# Tweepy
> Author: Andrew Eng | Date: 2020-10-05

## Objectives
This notebook serves as a scratch pad for learning how to use [Tweepy](http://docs.tweepy.org/en/latest/index.html).  

In [34]:
# Import tweepy as tw
import tweepy as tw

from datetime import datetime as dt
from elasticsearch import Elasticsearch

## Authentication

I setup my api credentials in a text file called twitter.keys in /home/andrew.  This is so my api keys won't accidentally upload when I git push the repository to the public.

The format of my twitter.keys is:

api_key = <key>
    
api_secret_key = <key>

access_token = <key>

access_token_secret = <key>

In [35]:
# Import keys from a saved file instead of inputting it directly into the script.  
# Strip whitespaces and split on = as I only want the key values

key_location = "/home/andrew/twitter.keys"
apikeys = []
with open(key_location) as keys:
    for i in keys:
        apikeys.append(i.split("=")[1].strip(" ").strip("\n"))
keys.close()

# Initialize dictionary
twitter_cred = dict()

# Enter API keys
twitter_cred["CONSUMER_KEY"] = apikeys[0]
twitter_cred["CONSUMER_SECRET"] = apikeys[1]

# Access Tokens
twitter_cred["ACCESS_KEY"] = apikeys[2]
twitter_cred["ACCESS_SECRET"] = apikeys[3]

# Set authentication object

auth = tw.OAuthHandler(twitter_cred["CONSUMER_KEY"], twitter_cred["CONSUMER_SECRET"])
auth.set_access_token(twitter_cred["ACCESS_KEY"], twitter_cred["ACCESS_SECRET"])

# Create api object with authentication

api = tw.API(auth, wait_on_rate_limit=True)
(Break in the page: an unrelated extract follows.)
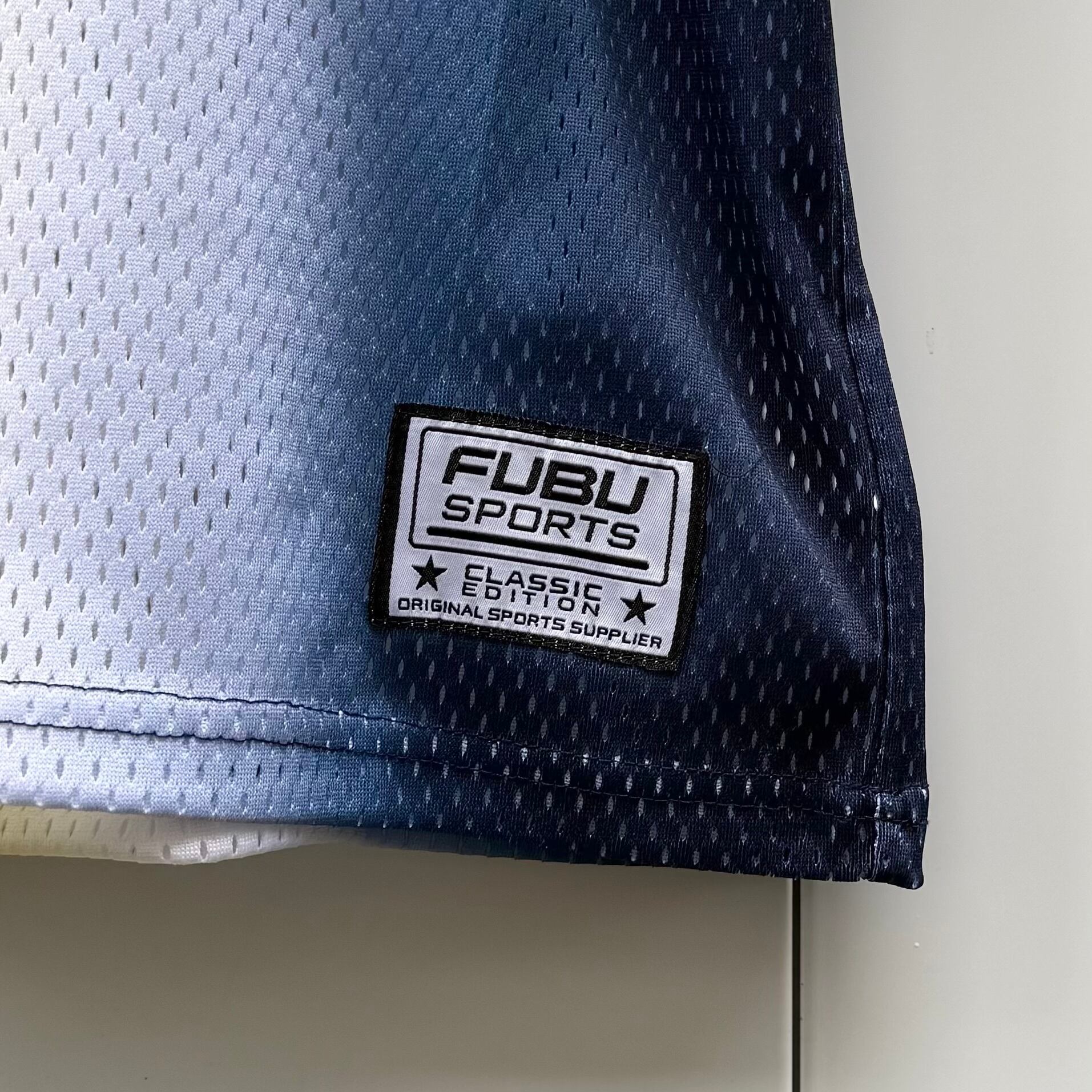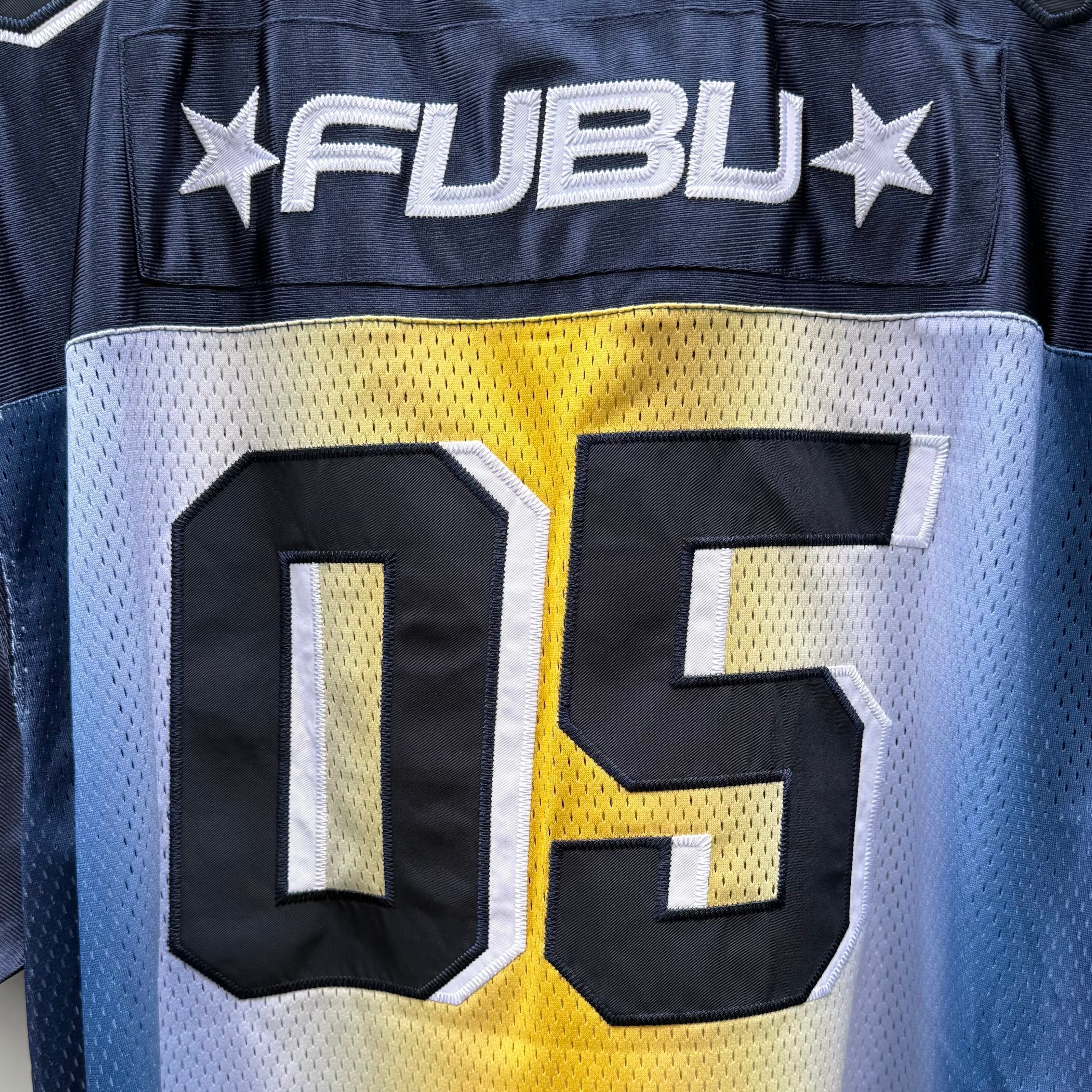 ネイビーxホワイト/イエローグラデーション、フロントに05ワッペン、左胸にFUBU刺繍、襟のリブにFUBU05刺繍、両肩に05ワッペン、バックにFUBU刺繍、05ワッペン、右袖にロゴマーク刺繍が入る豪華デザインです。

es = Elasticsearch('127.0.0.1', port=9200)

## Hello World

To test out if my api keys are working, let's grab some tweets from my timeline using home_timeline() method

In [36]:
public_tweets = api.home_timeline()
count = 1
for tweet in public_tweets:
    print(f"TWEET #{count} - {tweet.text} \n")
    count +=1

TWEET #1 - Share your crypto story for the chance to win Binance swag and #BNB! #MyCryptoLife 

TWEET #2 - https://t.co/1rJtYb5PPp Is a Provably Fair Gambling Casino Supporting Multiple Cryptocurrencies… https://t.co/4IPKMzkzEq 

TWEET #3 - Innovative Artificial Intelligence (AI) Tool Optimizes Care for T2D Patients. #dataresponsible #bigdata #aiethics https://t.co/uFYJe2d5IM 

TWEET #4 - [Course Video] Data Science and Machine Learning: Course Introduction https://t.co/WGAkBrxMvl https://t.co/hZXToQf1xx 

TWEET #5 - AttackDefense Labs | Maintaining Access Persistence: Leveraging PostgreSQL https://t.co/5w8vhj0EsP… https://t.co/c2proC1rD3 

TWEET #6 - Litecoin has successfully redeployed its MimbleWimble testnet as regulators grow increasingly wary of privacy-enhan… https://t.co/aHQjTnUHkW 

TWEET #7 - Over 1900+ live online labs and 1500+ HD Videos at a 70% Discount! https://t.co/TmEy1qdtyJ Stay Safe and Happy Lear… https://t.co/c3Eg8yn6jw 

TWEET #8 - Faraday Future plans to go publi

## Methods

In [29]:
user = api.get_user("JATayler")

print(f"Screen name is: {user.screen_name}")
print(f"There are {user.followers_count} followers")
print(f"Currently following:")
for friend in user.friends():
   print(f"    - {friend.screen_name}")

Screen name is: JATayler
There are 6369 followers
Currently following:
    - VanHicklestein
    - viewtoakel
    - gfstarr1
    - ms_creilly
    - theshortgirlash
    - manymanywords
    - heyadiana
    - _hkdl_
    - mariokartdwi
    - lalavin666
    - mollylambert
    - normcharlatan
    - jcmccaffrey
    - slwein
    - RichardStaff
    - JasonRRMartinez
    - CurbedNY
    - THECITYNY
    - davelevitan
    - whstancil


## Authentication

There are 2 authentication methods that can be used:
1. OAuth 1a Authentication
    - application-user authenticaiton
2. OAuth 2 Authentication
    - applicaiton-only authentication

In [30]:
auth = tw.OAuthHandler(twitter_cred['CONSUMER_KEY'], twitter_cred['CONSUMER_SECRET'])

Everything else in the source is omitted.